CSL then works exactly as JSL except the input bounding-box is used for the predicted role. So if the model predicts that the bounding-box corresponds to the second role for the predicted verb, then on the second pass of the LSTM, the bounding-box prediction made by the classification and regression branches are overwritten by the position of the input bounding-box. This is demonstrated by the “check role” portion of Figure 11. At each pass, the network checks if the current iteration is equal to the role predicted by the input bounding-box. If it is, then that bounding-box is used, otherwise the predicted bounding-box is used.

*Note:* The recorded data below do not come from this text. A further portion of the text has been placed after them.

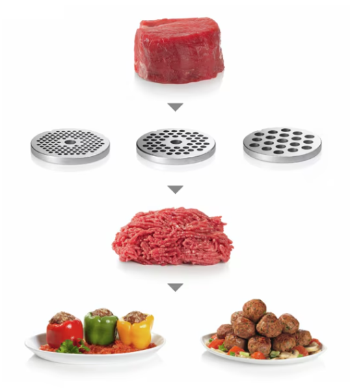 Ai meniu complet cu un singur aparat: carne proaspata pentru chiftele, lasagna sau tartar, legume pentru chiftelute, carnati proaspteti facuti in casa sau chiftele kebbe - masina de tocat carne ProPower MFW67440 de la Bosch va deveni partenerul tau preferat in bucatarie.
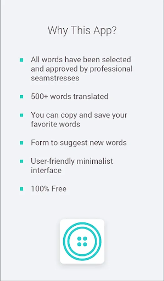 This app already contains 500+ sewing terms translated. However, if you don't find the word you need, you can contact us for word suggestions. There is a form page within the app to do so. Meanwhile, we will work to add new translations and definitions to the app, the sewing community will help us to improve this translator app.
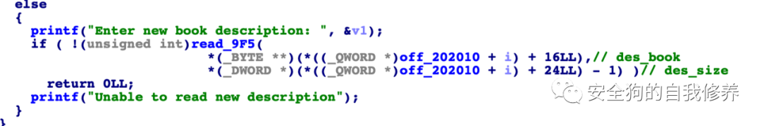 溢出写\入x00,book1指针地址被抬高并指向了description
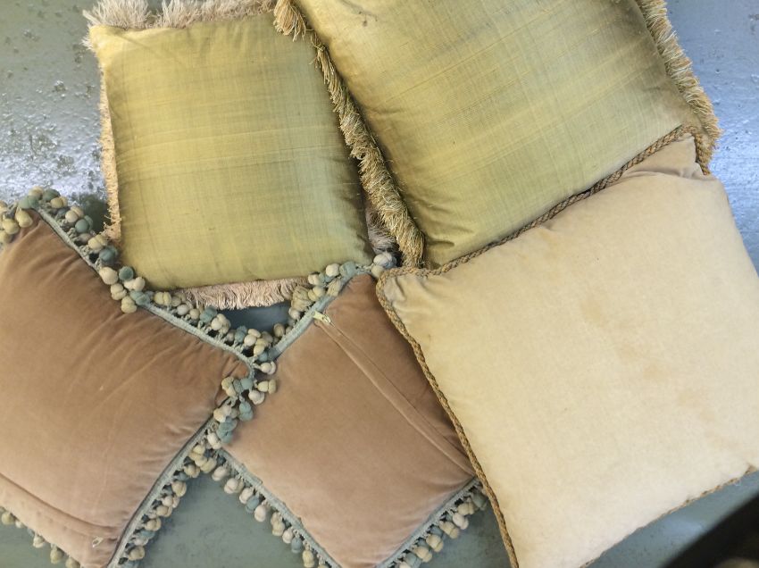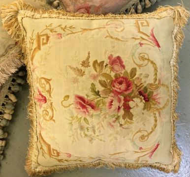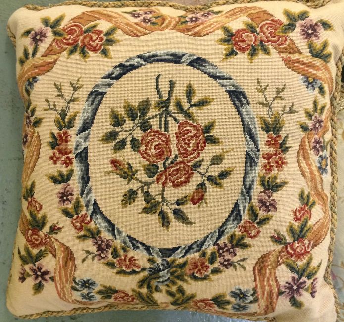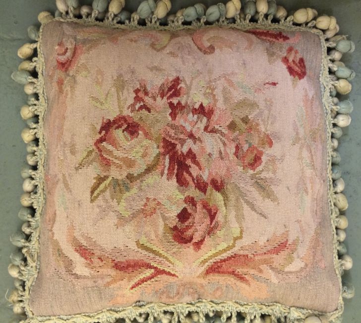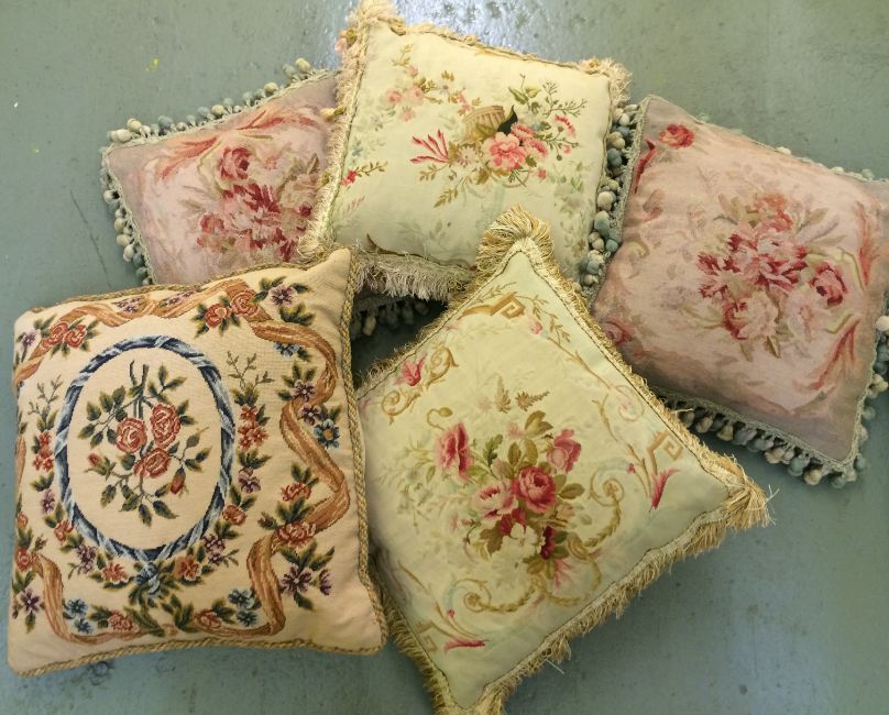 Five French assorted cushions made from antique floral tapestry of rose and ribbon design,comprising a pair or pink cushions and three others (5) approx. 30 cm squareCondition: Light wear, all in need of a clean.
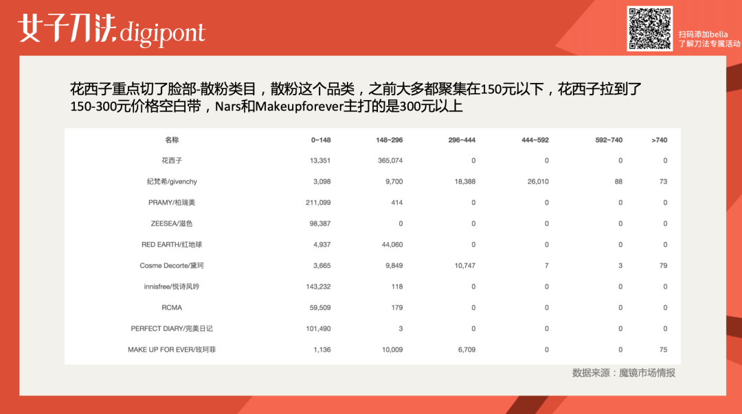 花西子重点切了脸部-散粉类目,之前大多都聚集在150元以下,Givenchy、Nars和Makeupforever主打的是300元以上,花西子拉到了150-300元价格空白带,并且活生生的把这个散粉品类从一个小众品类直接科普成了一个人人皆知的品类。
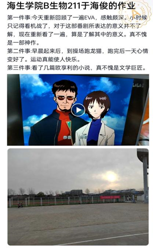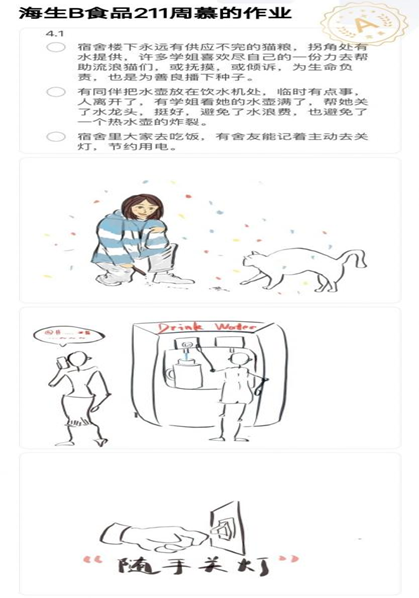 目前,打卡活动已进行一周。B食品191的冯婉君说:“刚开始几天,感觉有点困难,有点别扭,有时绞尽脑汁想啊想,搜啊搜,到底有什么好事发生?它又是为什么?太费脑筋了!后来练习的进行就越来越熟练了,被动完成也转变为主动完成。”
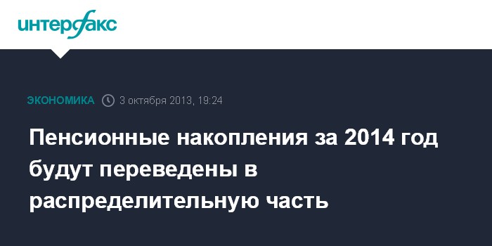 Пенсионные накопления за 2014 год будут переведены в распределительную часть
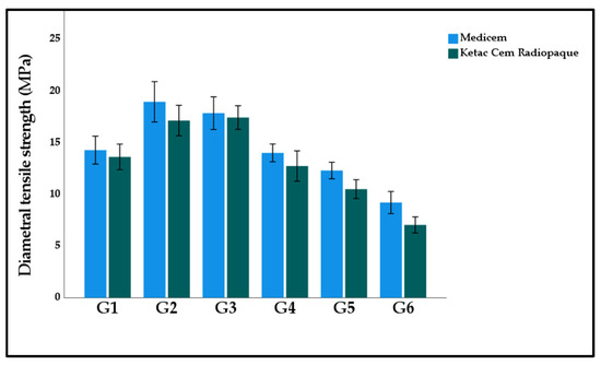 Bar graph illustrating the mean diametral tensile strength of the experimental GICs modified with functionalized GA powder. Note: Insignificant differences were observed between G1:G4; G1:G5; G2:G3; G4:G5 in Medicem while GI:G4; G2:G3; G4:G5 in Ketac Cem Radiopaque.
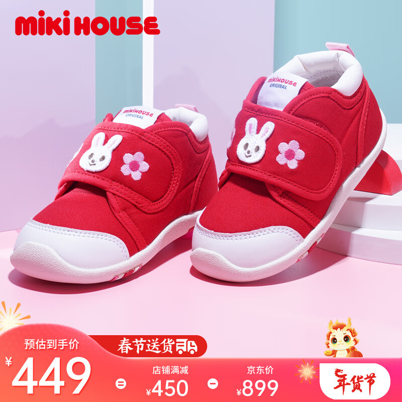 MIKIHOUSE限定款学步鞋男女童鞋匠心刺绣兔子学步鞋 红色 14.5cm价格:899.00元!

We present additional qualitative results further demonstrating the efficacy of JSL. Figure 12 shows a comparison between groundings generated by JSL and ISL for the same image. We illustrate these differences on a sample of images where both ISL and JSL are able to classify the nouns correctly, but ISL fails to correctly locate the entities in the frame. Here we show two common reasons that ISL fails to locate the correct object. The first 2 rows of Figure 12 demonstrate the case where there are multiple people in the scene and ISL is unable to pick the correct one for a given role. Because ISL cannot condition its detection on situation, it is often unable to select the correct object when there are multiple objects of the same category present in an image. The bottom 2 rows of Figure 12 show cases where ISL correctly locates the object, but fails to create an accurate bounding box around that object. This demonstrates a potential advantage of JSL as predicting the objects in sequence may allow for more accurate localization.
Additionally, Figure 13 shows the generated situations for different verbs given the same image. For each image we obtain the top 5 most probable verbs and then generate the grounded situations for each of these verbs. The top two rows of Figure 13 are examples where the top verb guess is correct. The first row demonstrates the model’s ability to describe the scene in terms of the interaction between two participants as well as what actions they are doing together. In this case, it is clear that both girls are studying, but one is explaining something to the other. Looking at multiple possible verbs captures these complexities. The following two rows are examples where the correct verb is in the top 5 and the bottom two rows show examples where the correct verb is not in the top 5. This tends to happen when the action is very unusual or occurring in a strange context, such as purposefully spilling a cup of water on a keyboard.